| | "Rand called Kant the most evil person in human history -- and, as usual, she was right."
Thank you, Leonard Peikoff.
"Kant builds magnificently upon the raw irrationality and depravity of Berkeley and Hume"
I'm really uncomfortable with this idea of calling bad ideas, as such "evil". Hume's skepticism, unlike Kant's, was in no way "impurely" motivated. There is no Hume-ian equivalent of that Kantian one liner "I have found it necessary to deny knowledge in order to make room for faith". Hume was merely a skeptic, who put out an argument that still holds a lot of weight to this day, not because of some inherent "cultural bankruptcy", but because its a very persuasive argument if you don't know better.
"No-one writes in a more incompetent, incomprehensible, serpentine, tortured, tedious way"
if he's so incompetent and incomprehensible, how did he come to be taken seriously at the peak of the enlightenment?
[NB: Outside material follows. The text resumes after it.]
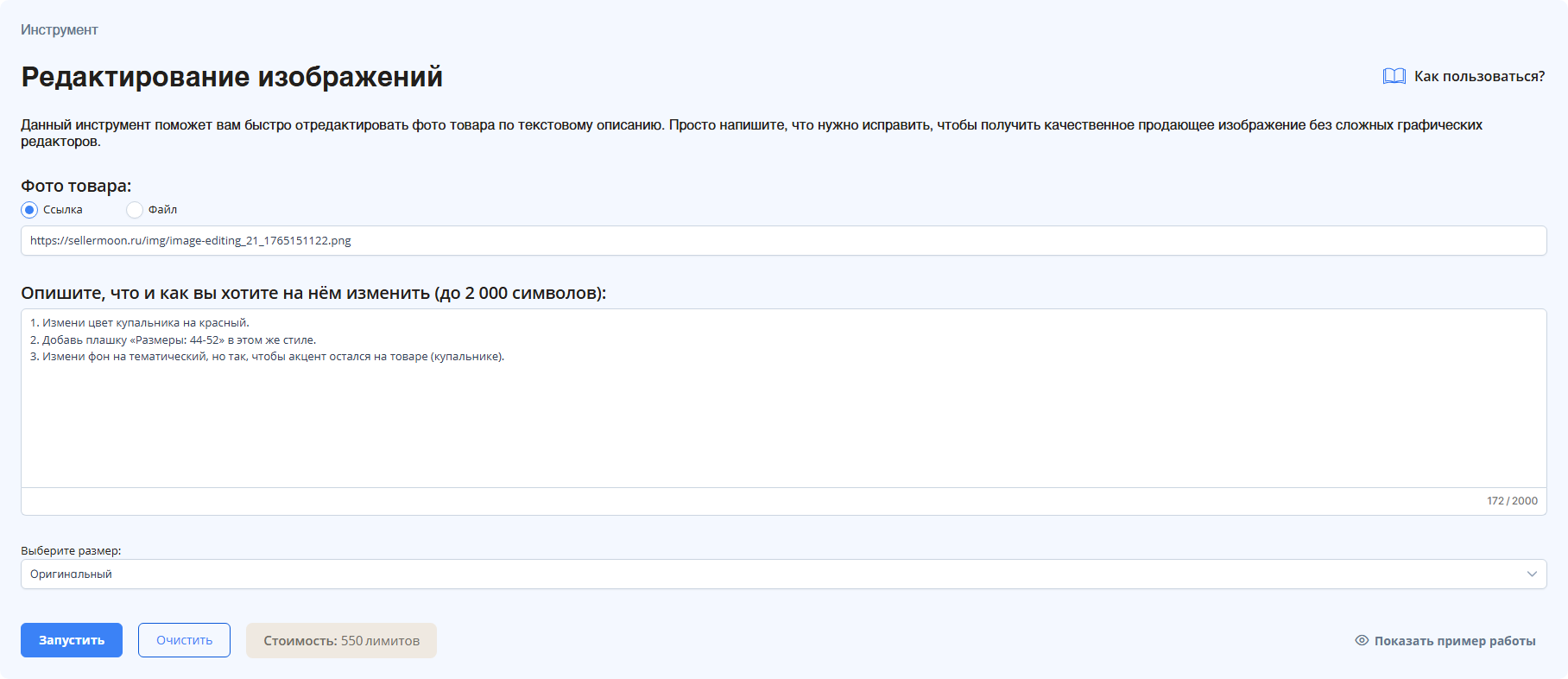 С помощью инструмента «Редактирование изображений» вы можете быстро и без специальных навыков работы с графическими редакторами отредактировать фото товара на Wildberries, Ozon или Яндекс.Маркет. Это поможет сделать его более актуальным, информативным и привлекательным.

The very fact that he managed to get his works read implies that A: either his works are not "incompetent" and "incomprehensible" in their writing-- If they were, no one would understand them to follow them, or B: that the culture of the time, of the enlightment, was already corrupt enough to want to read them-- in which case he is no longer culpable for the world's descent into hell, as the train was already en route.
"His impure thoughts lead to his impure words which lead to impure deeds done by and to everybody."
1: "impure thoughts"?? you sound like christian. Bad ideas do not constitute some sort of moral "impurity", only direct evasions do.
2: First you call him incompetent, now you use language which paints him out nearly as an omnipotent devil. "done by and to everyone"? that's a lot of credit.
"Nothing is, or ever can be, more false and evil -- or more non-existent and yet destructive -- than his absurd "noumena" and "things-in-themselves."
If you wanted to say he had the most evil ideas ever, that's one thing. But to claim they are not only the most evil ideas ever to exist, but the most evil ideas that ever could possibly exist, implying that it is impossible to make anything more evil? You've got to be kidding. Surely, even if kant is history's greatest villain to date, surely someone will outdo him given enough time.
"This nihilism taken to a height and state of perfection ultimately leads"
Kant was no nihilist. whether or not he made nihilism possible, he certainly wasn't one himself. His "categorical imperative" is a monstrosity, a horrible horrible excuse for an ethic. It still is an ethic. Kant wasn't interested in destroying ethics, or value, or anything else. He was interested in, in his own, twisted way, preserving the intrinicist values of his time. And putting forth a quasi skeptical epistemology also.